Many could tell I hadn’t a drop of my own personality and I was always behaving in the way I thought would garner me the most positive attention. When positive attention wasn’t available, any attention would do. Surprisingly, I did make some friends who could tell quickly I was a lost puppy and did their damnedest to help me come out of my shell. An aspect of coming out of my shell was that I began talking to my mother less and less. Each phone call she took as opportunities to take her frustrations out on me, and honestly at that point, I knew I didn’t have to take it anymore. I could just hang up.

There was a freedom in that so foreign it at first left me confused.

Trying new foods, and wearing different styles of clothes, I began to try and figure out what I liked, what made me happy.

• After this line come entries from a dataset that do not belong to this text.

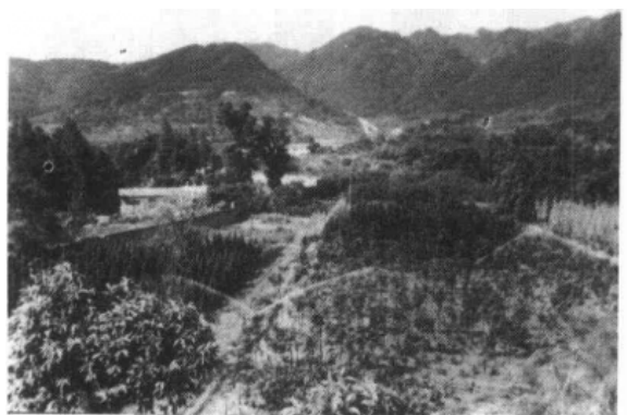
图 7-4 东山苗圃

八一苗圃，始建于1964年，1969年底撤销，1972年8月复建，经过10多年的艰苦创业，开山造梯田，有苗圃19.09公顷，山地46.67公顷，温室1座40平方米，培植园林绿化的树木及花卉270个品种，年可出圃苗木3万株（丛）。
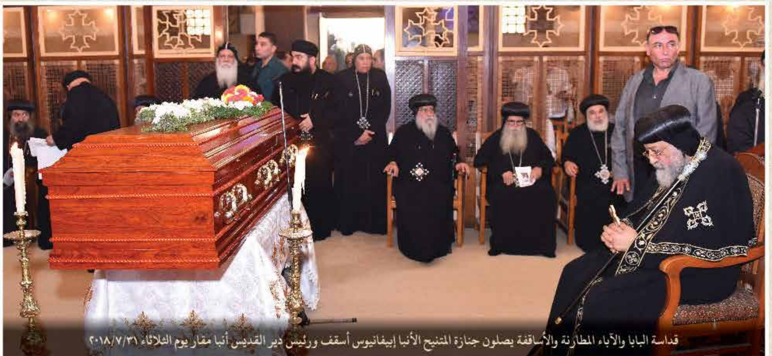
قداسة البابا والآباء المطارنة والأساقفة يصلون جنازة المتبجح الأنبا إيفانيوس أسقف ورئيس دير القديس أنبا مقار يوم الثلاثاء ٢٠١٨/٧/٣١
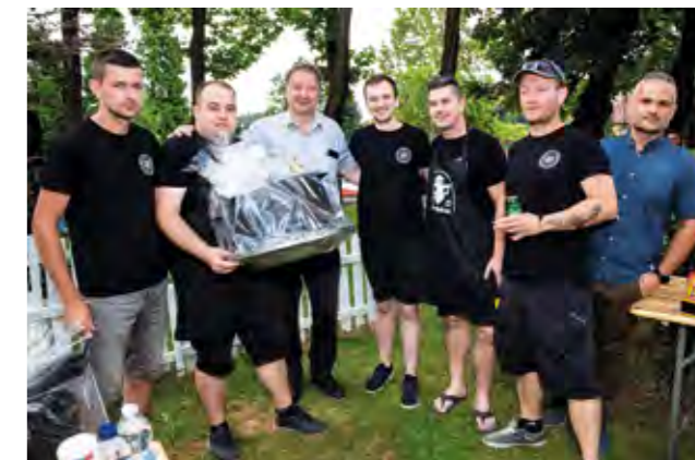
Na Lepoglavskim danima ponovo se kuhala izvrsna kotlovin
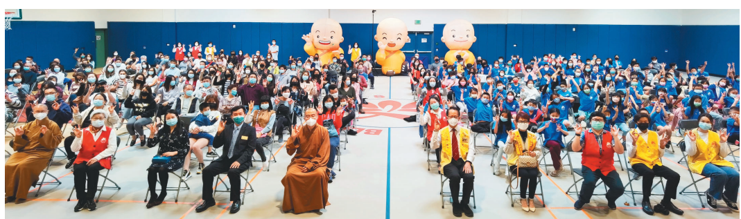
佛光西來學校結業典禮大合照。

在典禮中，頒發「成績優良獎」表揚40位學生，同時為辛勤教導、無私奉獻的老師及義工菩薩頒發獎狀，以及感謝家長的護持，特別為周六班家長頒發全勤獎。西來學校於2021年獲准成為「美國總統義工
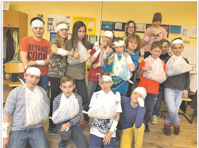
Klasse 6 bei der Ersthelferausbildung

Der Förderverein der Grundschule Marienwerder e.V. hat zusammen mit dem Lehrerteam den Entschluss gefasst, ab dem Jahr 2017 alle zwei Jahre den Klassenstufen 5 und 6 eine „Ersthelferausbildung für Schüler“ zu finanzieren.
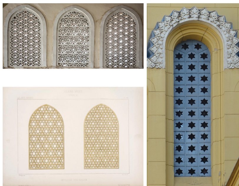
3. kép. Ablakrácsok: a) Kairó, Hakim Mecset, 10. század; b) Kairó, Hakim Mecset, Hessemmer mintakönyve; c) Fót, templom
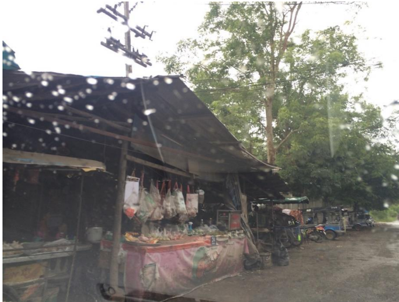
ภาพที่ 4.13 ร้านค้าไทใหญ่หลังวัดป่าเป้า
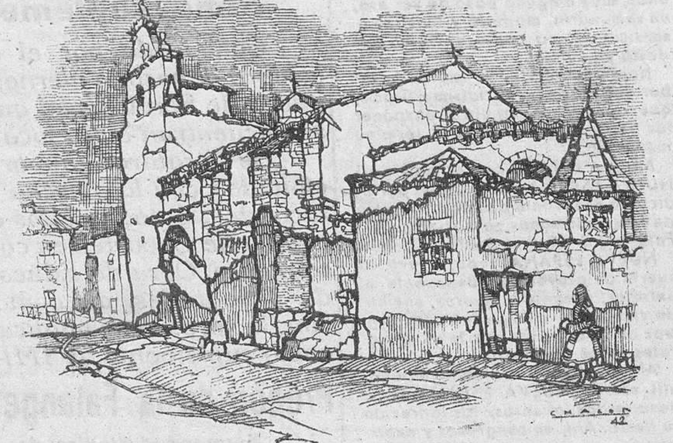
Santa María la Nueva (Dibujo de Chacón)

Por aquellos días, no era precisamente una balza Castilla. Cierzo que la Reconquista va ya avanzada, y a todo lo largo del Tajo han jalonado sus posiciones los guerreros cristianos.

I knew photography did and I knew getting high did, but only half of that was worth actually being happy for.

This exploration delighted me. Flexing out my curiosity felt good.

One day after researching heavily across the interwebs, I discovered a famed bookstore in Humboldt Park that I wanted to venture too. A skittish and sensitive little shit, I gathered my backpack, navigated my way throughout the subway system and found the bookstore. I purchased there one of my most prized books of all time that I still keep in my library to this day, a first edition print of To Kill A Mockingbird.

Having not spoken in a few days, after I returned to my dorm I called home to tell mom and dad of my recent discoveries. I ranted and raved about a few local restaurants, and then proudly told them of my discovery at the bookstore.

Neither of them found anything I had to say interesting, and in fact, were outright upset I’d be traveling to what they believed to be a rough part of Chicago. My parents had a penchant for hating on the impoverished or anyone of a color darker than them, so their reaction to the news of my adventures was not really a shock.

To be honest, a lot of their views were repugnant, only furthering me desire to distance myself from them. I’d grown to find their perspective on things rather disgusting and knew I would just be perpetuating their toxicity forward by allowing them to have the reaction if I didn’t respond to it swiftly. Informing them that I was grown and independent, I could do with my life as I please and they could kindly fuck off.

You understand by now that the archetypal ‘Karen’ was based off of my mother and her pattern of behavior.

To her, my seemingly pestilent behavior was loosen her grip over my life and that simply wouldn’t do. Our conversation ending in screaming and I went downstairs to binge food and hide from my emotions.

I swiped my card.

Declined.

What?

There’s 2k in my checking account, I know there is.

Swipe.

Declined.

My face began to get red and the woman ringing me out let me have my things and go. I promised I would pay them back tearfully and moved as quickly as I could back to my room to check my bank balance.

All of my money was gone.

Not Dad’s money.

Not Mom’s money.

My money, that I had earned working, it was all gone.

She’d drained my bank account, leaving me stranded at art school with little more than 40 in cash and a couple of grams of weed I ended up selling.

Enraged that she believed she could behave in such a way I vented furiously to my roommate who suggested reasonable, we smoke a bowl, I calm down and in a few days I talk to her.

Three days later she issued me an ultimatum, only dress, travel to, eat things and in general behave in the way she wanted or she would leave me cut off and force me to find my own way. I obliged at first, but I was far too rebellious, and had tasted far too much freedom to allow her to maintain this control.

I debated heavily, what would I do.

I had no roots in Chicago, only friends, but we were all kids. No one could take me on while I was such a lost puppy of a person and I knew it. Not strong enough or confident enough at that point to remain in Chicago and fight for my own way of life, I dropped out of art school and the abuse resumed.